Subtitle: 
Charles Busch Hits The Big Time

Talking with the man seated next to me at a performance of The Allergist's Wife, I mentioned the name of the play's author, Charles Busch. "You're kidding," said the man. "Charles Busch does transvestites and drag queens. This play sounds like Neil Simon. It can't be the same man."

Two truths are evident in that conversation. First, the man looked square and is a middle-aged Manhattan Theater Club subscriber, yet he was familiar with Busch's counter-culture career. So Busch's gender-bending creations have wider impact than one would have thought. Secondly, it demonstrates the extremely wide range of Busch's talents -- because both genres are from the same man.

Busch tells me that some people are surprised at another aspect of The Allergist's Wife. "They ask me how I know so much about New York Jewish culture," says the author. "They hear the name Busch and they assume I'm not Jewish. Years ago I outed as gay. Now I'm outing as a Jew."

His religion is no surprise to me now, but it was in 1995 when I saw the comedy written by and starring Busch, You Should Be So Lucky. It has a strong and affectionate Jewish flavor, with a lot of Yiddish words. Busch's character is a lonely young man befriended by an older man named Si Rosenberg, who turns out to be Busch's fairy godmother -- you should pardon the expression -- in a twist on the Cinderella legend.

At its opening night party I asked Busch if the play was based on his own background. "You've outed me!" he said then, in mock horror. He says that he certainly is Jewish. He was raised in Cincinnati. His mother died when he was seven and he moved in with two aunts who lived in Hartsdale, in Westchester County. When he was 12 they moved to Manhattan. Neither Aunt Lillian or Aunt Belle were very religious, but in middle age Belle rediscovered her roots and started learning Yiddish, which she passed on to Charles. In The Allergist's Wife, Busch has the wife make fun of her aged mother's strong Jewish identification, saying, "You never spoke a word of Yiddish til you were 65!" It's Charles' affectionate tribute to Aunt Belle, who is now 91.

You Should Be So Lucky had a four-month run Off-Broadway, but most theater-goers never saw this aspect of Busch until The Allergist's Wife.

"With the success of Allergist, people are acting as if I'm Venus on a half shell bursting out of Times Square. But I've been around for years. It's taken me a long time and a lot of work to become a sudden hit."

Busch attracted the attention of MTC's head, Lynn Meadow, in 1997 when he wrote the book to a musical that she presented, The Green Heart. "It wasn't a hit, but she told me that she'd produce my next play. I had nothing in my trunk, but I had been doing a nightclub sketch about a suburban Jewish woman named Miriam Passman who, in middle age, develops her own cabaret tribute to Edith Piaf. I loved the character so much that I wanted to develop her further. The character had vitality and seemed so rich that I made her the basis of my new play. Miriam Passman evolved into the central figure in The Allergist's Wife."

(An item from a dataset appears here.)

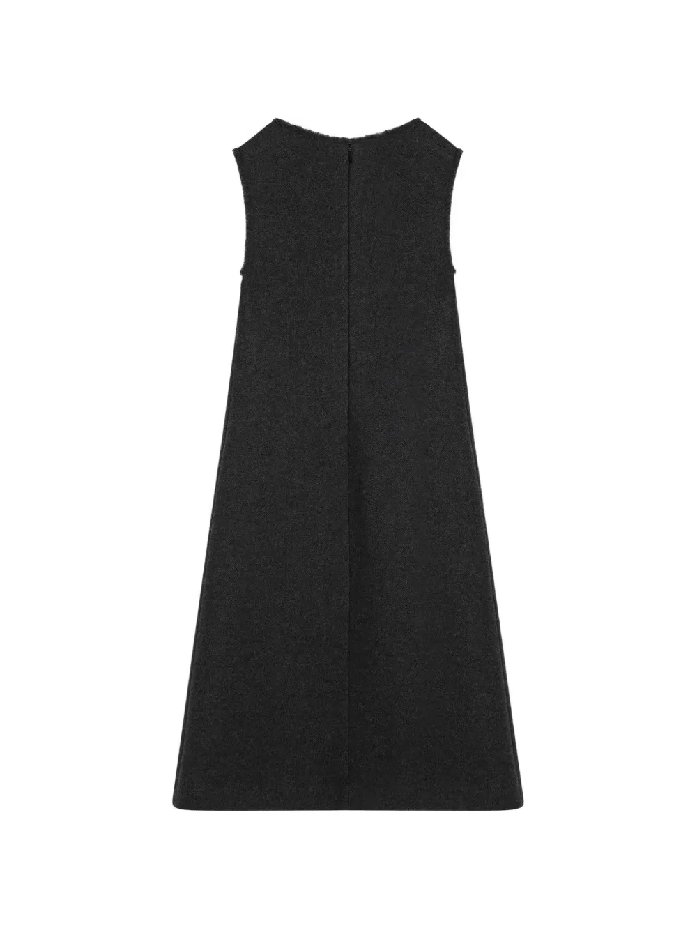 Темно-серое платье без рукавов А-силуэта с необработанными краями

There's yet another part of Busch's persona that was outed recently. I was surprised to see, suddenly, that he's mostly bald. I broached the topic, and it turns out that it's been a serious subject for Busch. "I started losing my hair in the late 1980's," he says, "but I covered it up. I was devastated. Of course I was a drag performer and I wore women's wigs in most of my plays. I wore a man's hairpiece in You Should Be So Lucky. But it was a problem in my daily life. As a man wearing a rug, you feel very vulnerable. You keep worrying that you'll have a bad hair day and everyone will see that you're a fake. In real life I have a fear of being a public clown, of being ridiculous." That's an interesting revelation from a man who appears so outrageously extroverted on stage.

The topic obviously was on Busch's mind when he named his 1996 club act "Flipping My Wig." It was an expansion of his Miriam Passman skit and a preparation for what became Allergist's Wife. "About three years ago I shaved my head and gave myself a very severe image. That was a cool look in my crowd, but for TV and public functions I wore a cute little boy wig. Now, with the success of Allergist's Wife, I'm a big Broadway playwright so I can look any way I want to! Fuck `em."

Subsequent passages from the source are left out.